Проснувшись, я не сразу обратил внимание на часы, а когда посмотрел на них, было уже пять минут восьмого. Как и в первых случаях, сон продолжался едва ли больше одной–двух минут. Бодрость и какое-то необычайно светлое настроение, возникшее в последние мгновения сна, так и остались у меня на весь день.
Трах встретил меня вопросом:
— Ну, какой сон мне придется разгадывать сегодня?
Я ответил коротко:
— Крым.
Он громко расхохотался, взмахивая длинными руками.
— А вы умеете устраиваться! Отличный сон! Ну-ка, расскажите.
Стараясь говорить безразлично веселым голосом, я начал рассказ.

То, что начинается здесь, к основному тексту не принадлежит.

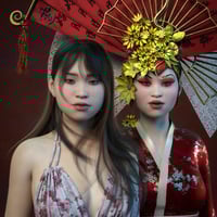 Aditi for Genesis 8 Female comes with 2 skin textures, and one is paler for her Geisha look and makeup.
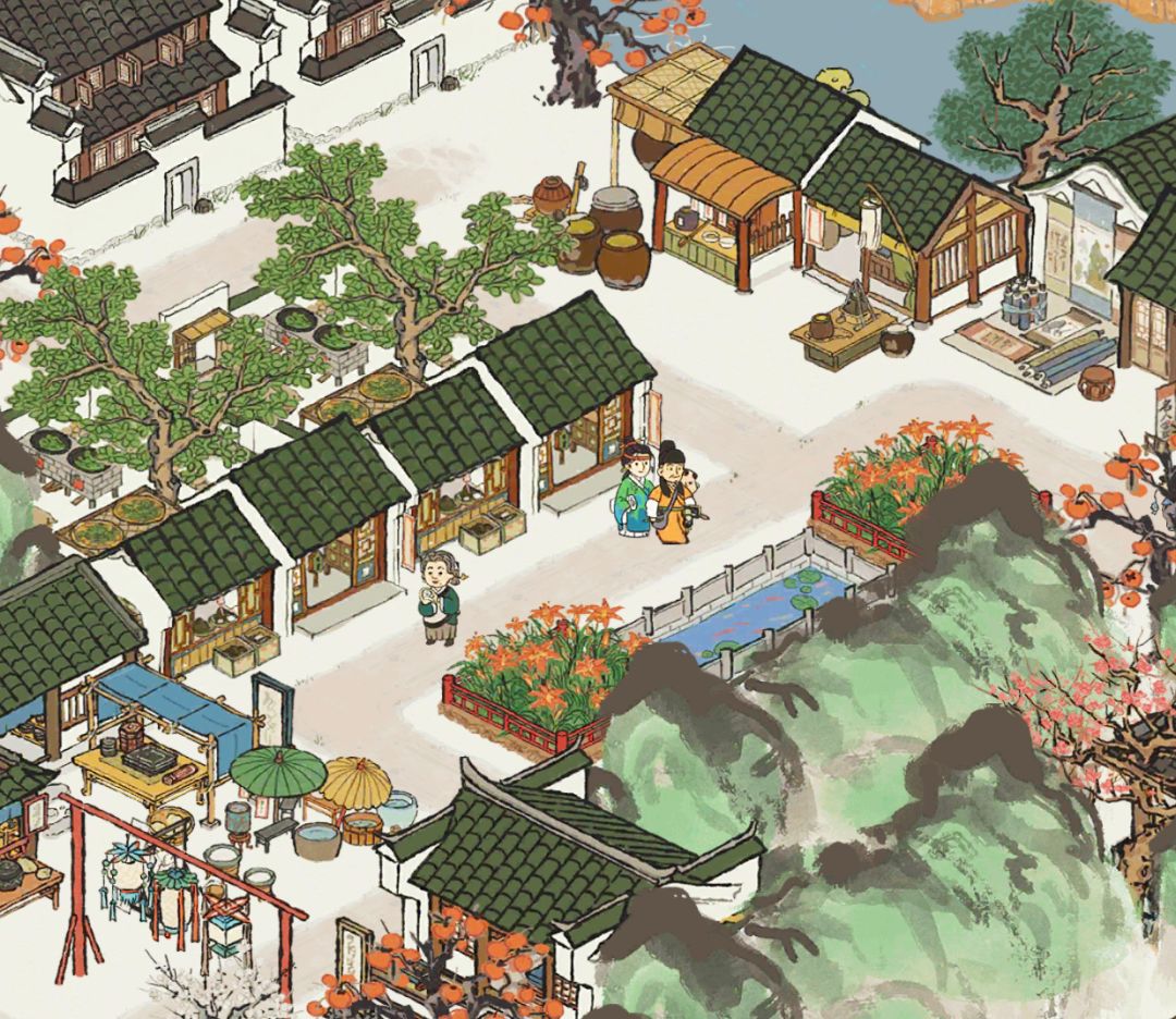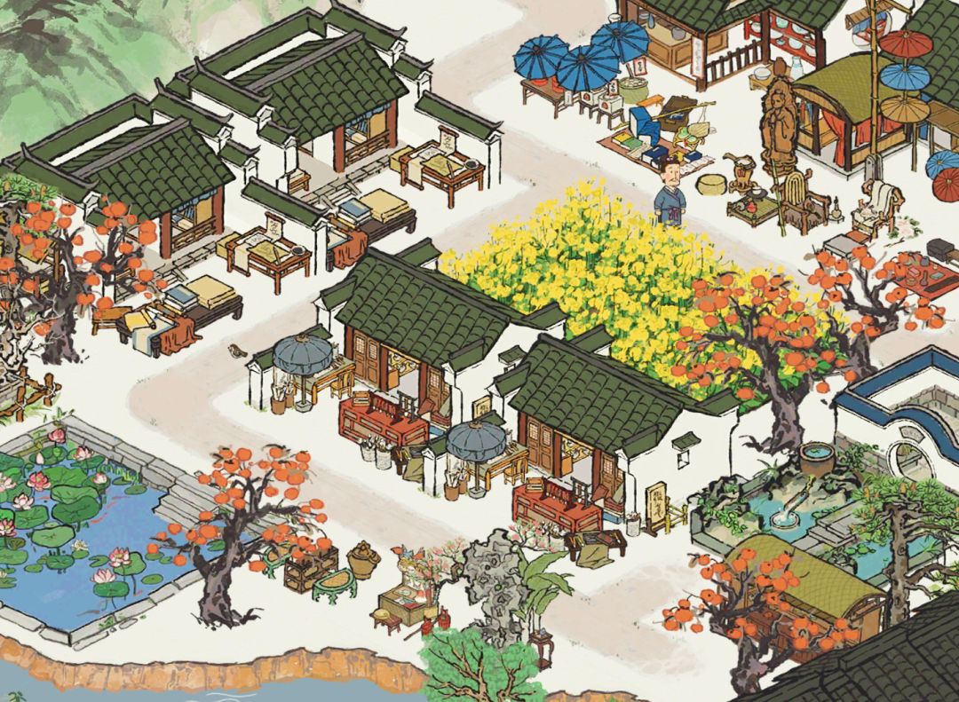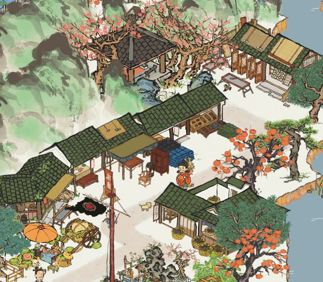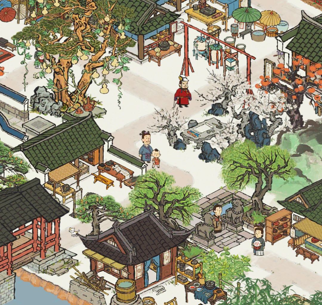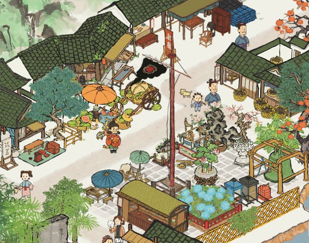 昨晚肝了两个小时,全部都是自己设计,终于把徽州府商业街摆好了。

Когда я упомянул о развалинах генуэзской крепости, Трах присвистнул и бесцеремонно прервал меня:
— Ха! Я могу отгадать, что вы видели дальше.
— Попробуйте.
— Вы увидели Карадагские горы, увидели, как прибрежный хребет круто обрывается в море, увидели знаменитые скалы: “Сфинкса”, “Льва”, “Ивана-разбойника”, увидели созданные ветром и водой Карадагские ворота…
Я вскочил.
— Откуда вы это знаете?
Трах рассмеялся мне в лицо.
— Откуда? Да ведь это обычный туристский маршрут. Традиционнейший из традиционных! Вам угодно меня разыгрывать.
— Даю честное слово, что я видел этот сон, — отчеканил я, начиная злиться.
Трах перестал смеяться.
— Видели? — он исподлобья взглянул на меня. — Ну, успокойтесь, верю… Но вы же бывали в Крыму — вот и вспомнилось, приснилось.
— Я был в Ялте, Гурзуфе и Алуште, но Судака и Карадагских гор я не видел.
— Вы могли их видеть в кино, могли, наконец, видеть на фотографии.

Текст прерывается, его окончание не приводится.